● Collection entries
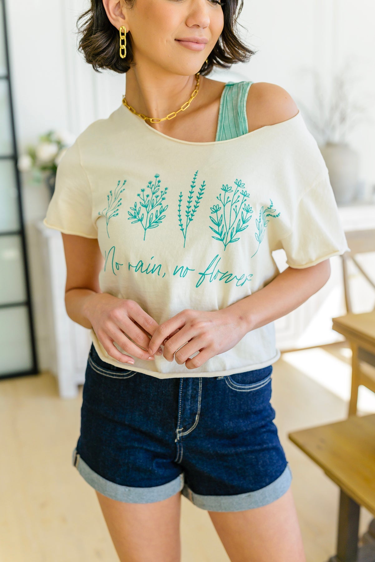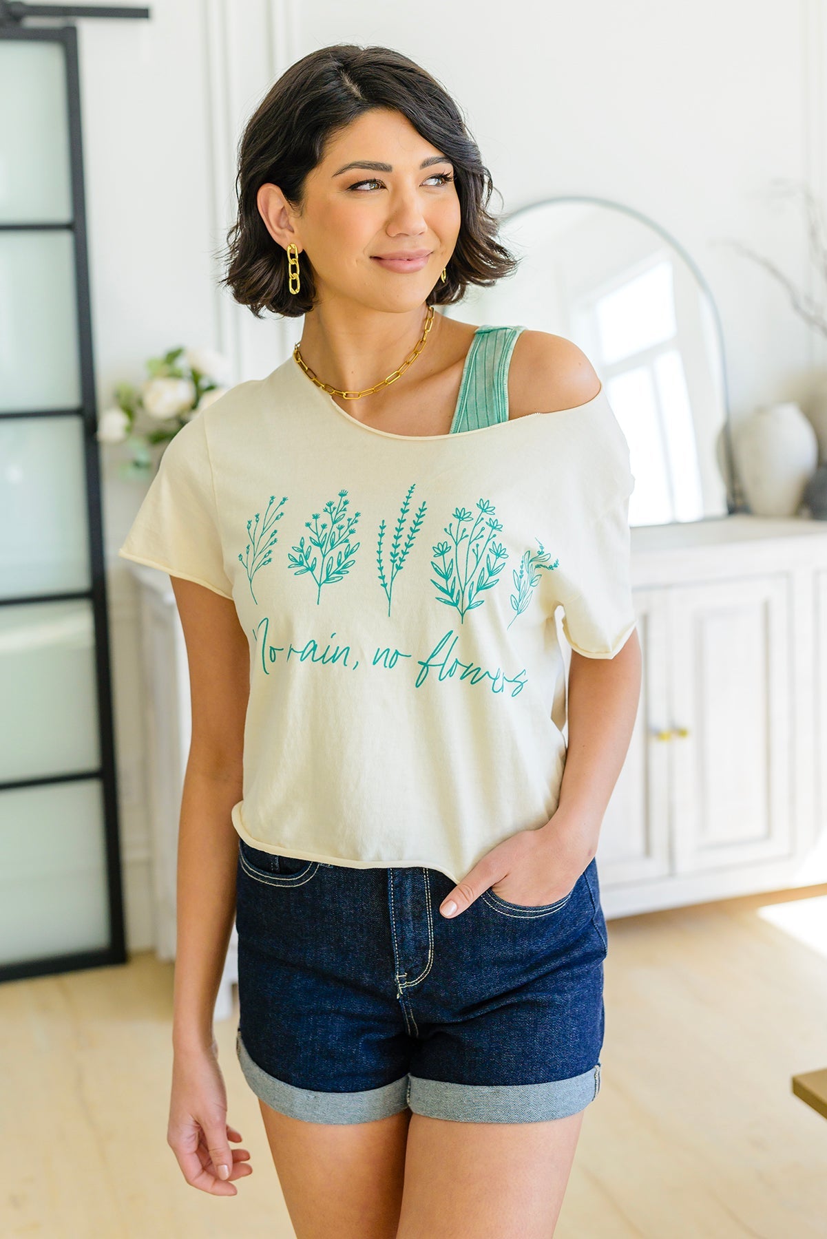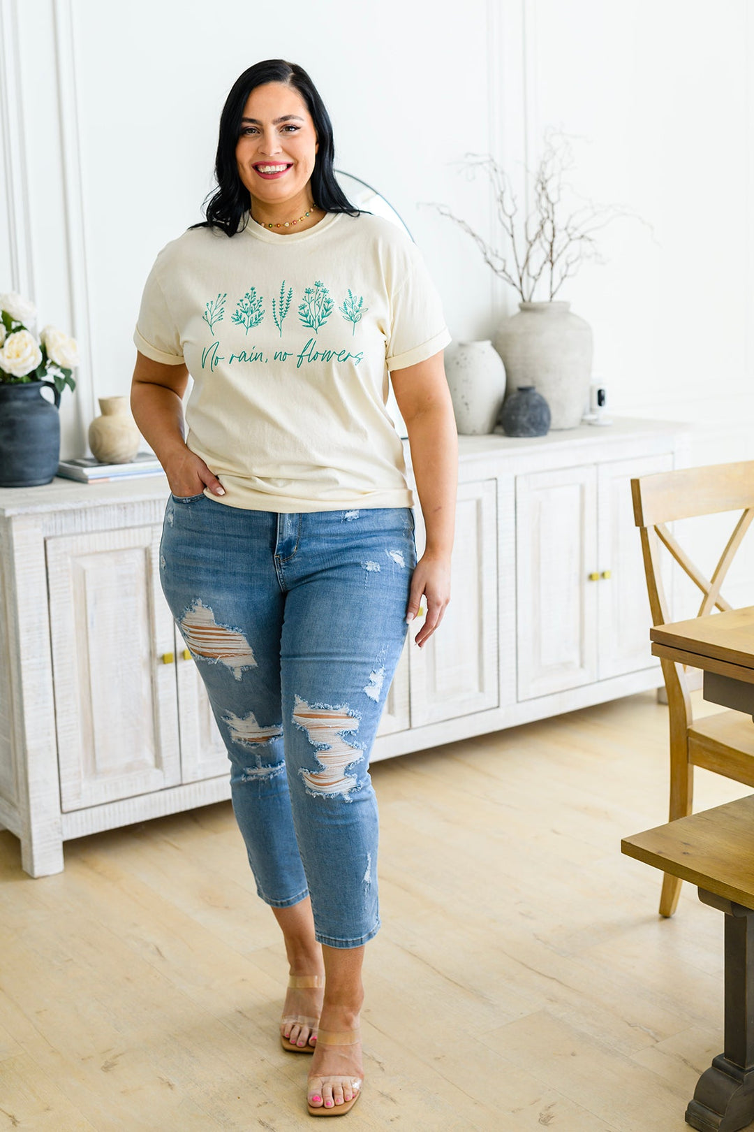 Be ready for the rain and look forward to the flowers with the beautiful No Rain No Flowers graphic tee. This soft cotton tee features a teal floral graphic, it's perfect for cozy days indoors or brightening gloomy days outdoors. Feel vibrant and stylish in this easy silhouette-- a wardrobe must-have!
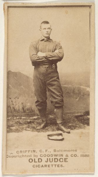 This small photographic print, produced by Goodwin & Company around 1888, presents Farrell, a 2nd baseman for the Baltimore Orioles. He stands with his hands on his hips, a gesture that speaks of confidence and self-assuredness. This pose, with hands assertively placed on the waist, echoes through centuries, appearing in classical sculptures of triumphant athletes and Renaissance portraits of powerful rulers. The gesture signifies control, dominance, and a readiness to act, reflecting a deep-seated human desire for agency and recognition. Think of the ancient Greek statues, their athletes embodying physical perfection and competitive spirit. The shift from god-like and aristocratic figures to a baseball player is significant. Here, the motif descends into the everyday. Yet, the pose retains its primal power, engaging us with a deep-seated sense of admiration for strength and skill. We see reflected in Farrell not just an athlete, but an icon of human potential, perpetually reborn in our collective consciousness.
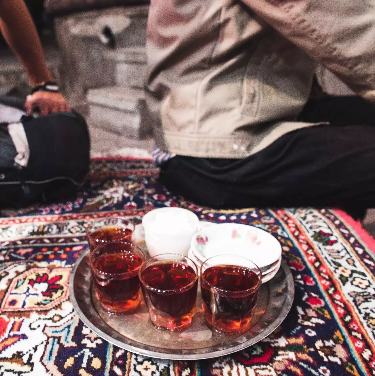 这里卖地毯的爷爷们都非常友好,我们以为他们是想给我们推销地毯所以那么热情,所以告诉他们我们没钱,但后来发现他们是真心地友好,其中一位带着我们在巴扎内到处走,给我们介绍它的历史,还邀请我们一起喝茶。
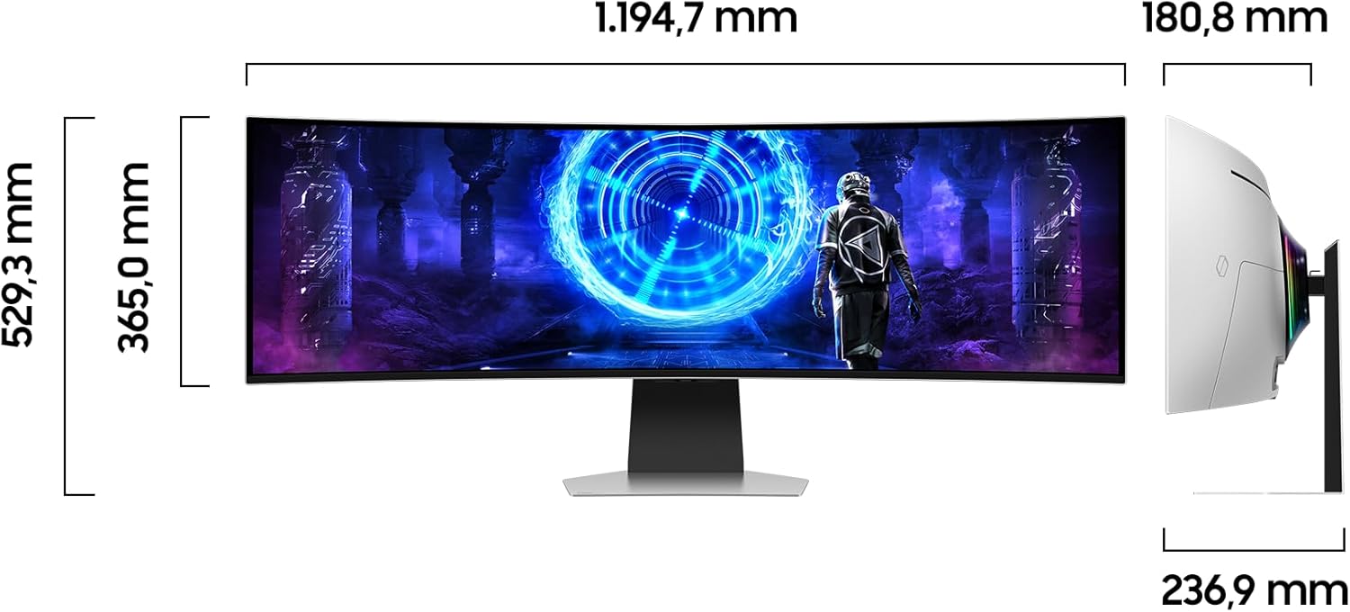 • Действие от реалния живот на по-широк екран: OLED технология в двоен QHD формат с резолюция 5120 x 1440 за игри на следващо ниво с ясни, завладяващи изображения
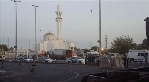 General view of security personnel in front of a mosque as police stage a second controlled explosion, after a suicide bomber was killed and two other people wounded in a blast near the U.S. consulate in Jeddah, Saudi Arabia, in this still frame taken from video July 4, 2016. (REUTERS)
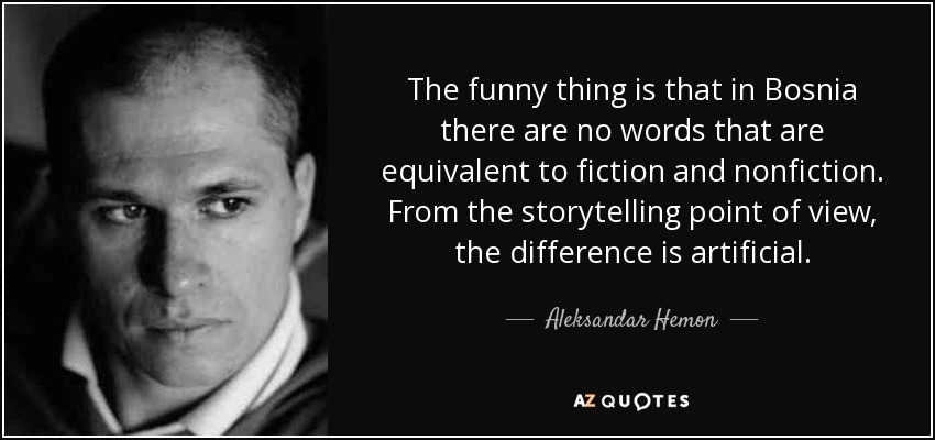The funny thing is that in Bosnia there are no words that are equivalent to fiction and nonfiction. From the storytelling point of view, the difference is artificial.
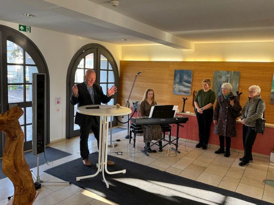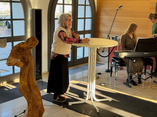 Begleitend zur Aufstellung der Wasserhüterin auf der Rottuminsel in Ochsenhausen wurde am 01.10.2025 im Rathaus die Ausstellung Skulpturen und Bilder der Künstlerin Theresia K. Moosherr feierlich durch Bürgermeister Philipp Bürkle eröffnet.

● TASK PROMPT
Please copy the records above word for word, omitting every picture.

● SOLUTION TO THE EXERCISE
 Be ready for the rain and look forward to the flowers with the beautiful No Rain No Flowers graphic tee. This soft cotton tee features a teal floral graphic, it's perfect for cozy days indoors or brightening gloomy days outdoors. Feel vibrant and stylish in this easy silhouette-- a wardrobe must-have!
 This small photographic print, produced by Goodwin & Company around 1888, presents Farrell, a 2nd baseman for the Baltimore Orioles. He stands with his hands on his hips, a gesture that speaks of confidence and self-assuredness. This pose, with hands assertively placed on the waist, echoes through centuries, appearing in classical sculptures of triumphant athletes and Renaissance portraits of powerful rulers. The gesture signifies control, dominance, and a readiness to act, reflecting a deep-seated human desire for agency and recognition. Think of the ancient Greek statues, their athletes embodying physical perfection and competitive spirit. The shift from god-like and aristocratic figures to a baseball player is significant. Here, the motif descends into the everyday. Yet, the pose retains its primal power, engaging us with a deep-seated sense of admiration for strength and skill. We see reflected in Farrell not just an athlete, but an icon of human potential, perpetually reborn in our collective consciousness.
 这里卖地毯的爷爷们都非常友好,我们以为他们是想给我们推销地毯所以那么热情,所以告诉他们我们没钱,但后来发现他们是真心地友好,其中一位带着我们在巴扎内到处走,给我们介绍它的历史,还邀请我们一起喝茶。
 • Действие от реалния живот на по-широк екран: OLED технология в двоен QHD формат с резолюция 5120 x 1440 за игри на следващо ниво с ясни, завладяващи изображения
 General view of security personnel in front of a mosque as police stage a second controlled explosion, after a suicide bomber was killed and two other people wounded in a blast near the U.S. consulate in Jeddah, Saudi Arabia, in this still frame taken from video July 4, 2016. (REUTERS)
The funny thing is that in Bosnia there are no words that are equivalent to fiction and nonfiction. From the storytelling point of view, the difference is artificial.
 Begleitend zur Aufstellung der Wasserhüterin auf der Rottuminsel in Ochsenhausen wurde am 01.10.2025 im Rathaus die Ausstellung Skulpturen und Bilder der Künstlerin Theresia K. Moosherr feierlich durch Bürgermeister Philipp Bürkle eröffnet.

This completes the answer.